The Petraeus projection: The CIA director’s record since the surge
Hero worship hides the military failures of the CIA director’s “global killing machine”
http://politics.salon.com/2011/10/03/petraeus_projection/singleton/
This is a very interesting article that lays out pretty well what I personally feel is well established fact that we are destroying our society in a vain effort to achieve the impossible: prevention of the next terror attack. So many innocent people have been killed in our effort to root out terrorism that we have probably increased the likelihood of another (first (or rather second (actually third or even later, history being so poorly understood here in America)) in a series) of terror attacks by several orders of magnitude.

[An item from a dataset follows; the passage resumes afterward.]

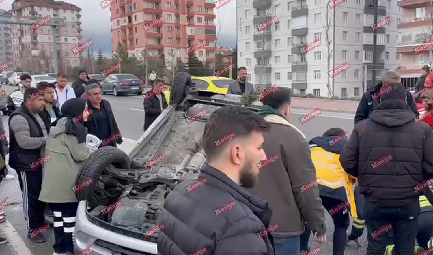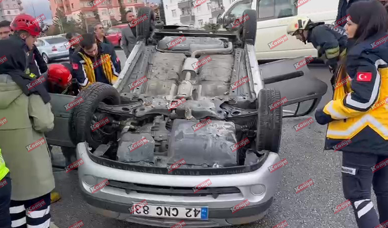 Konya'nın Selçuklu ilçesinde meydana gelen trafik kazasında direksiyon hakimiyetini kaybeden sürücünün kullandığı otomobil ters döndü. Kazada araçta bulunan anne ve kızı yaralandı.

Our military has a long history of failure to learn from its own mistakes (it appears that it is US culture to completely ignore anything that happened outside of your own personal life experience, no matter how detailed the evidence contrary to your held opinions is) which supports our political 30 second attention span and leads our unbelievably credulous populace (repeat anything with bombast and dramatic force enough times and it becomes true, no matter how idiotic and nonsensical it is) to champion a losing strategy of more war in more places to generate even more passionate sworn enemies so we can continue to drain our resources in even more pointless efforts. Old Osama will be living a cheery afterlife looking down as the US bankrupts itself in a vain attempt to stamp out all the angry ants it makes even angrier by continued stamping (why not just move away from the ant nest? I guess that it would make us look like ineffectual quitters). Wasn’t that Reagan’s strategy against the USSR? Bankrupt them by forcing them to try to keep up with our military output? Well, we have finally found a foe who can beat that strategy (they don’t have to come close to matching our spending to have equal effect), except we won’t realize that until way past the bitter end when we have exhausted every bit of our economy trying to stop the tide. When erosion of civil liberties takes precedent over maintaining our roads, bridges and infrastructure it is easy to predict the path to destruction, all is left is to predict the irreversible point where no effort to mitigate the effects will have any beneficial effect (I try to make myself believe that point is still in the future, but often have trouble doing so).